When a family member gets into trouble with the law, it is only natural to feel concern and offer help in any way you can. As someone who has been asked to co-sign for a bail bond, you are not sure whether this is a wise idea or not. Since you have never been involved in the bail bond process before, it is natural to feel anxious. Before you agree to anything, ask yourself these three questions, so you have peace of mind about co-signing a bail bond.

Are You Sure Your Family Member Will Front Court?
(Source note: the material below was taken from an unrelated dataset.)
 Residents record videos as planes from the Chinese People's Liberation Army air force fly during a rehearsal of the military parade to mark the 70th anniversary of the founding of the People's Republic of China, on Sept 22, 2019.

Everybody wants to have faith in their family, but some family members are less reliable than others. When you co-sign a bail bond, you put up either money or property as collateral for the bond money owed. If your family member does not turn up at court, you stand to lose that collateral. No matter how much you love a person, if you have any doubt that they are a flight risk then you should not co-sign.

Do You Want To Put Conditions On The Person's Release?

One right of a bail bond co-signer is that you can put conditions on the family member who is being released on bond. For example, if the family member has a drug addiction and you are concerned they will head back to bad habits as soon as they are released from jail, then you could request that the person goes from jail to a drug rehab facility. Any reasonable condition which is going to give you peace of mind about the safety of your bond collateral can be requested as part of the release conditions.

Are You Mentally Strong Enough To Revoke The Bond If Necessary?

Another thing you may not realize is that after the family member has been released on bond, you can revoke the bond if you feel your collateral is at risk. For example, the family member checks out of drug rehab and begins using again, then you may have concerns about whether they are going to show up at court in the future. In this instance, you could contact the bail bondsman and revoke the bond you have co-signed.

If you are still unsure about whether or not to co-sign for a bail bond, have a chat with the bail bonds company as they are more than happy to answer any further 'what if' questions you have.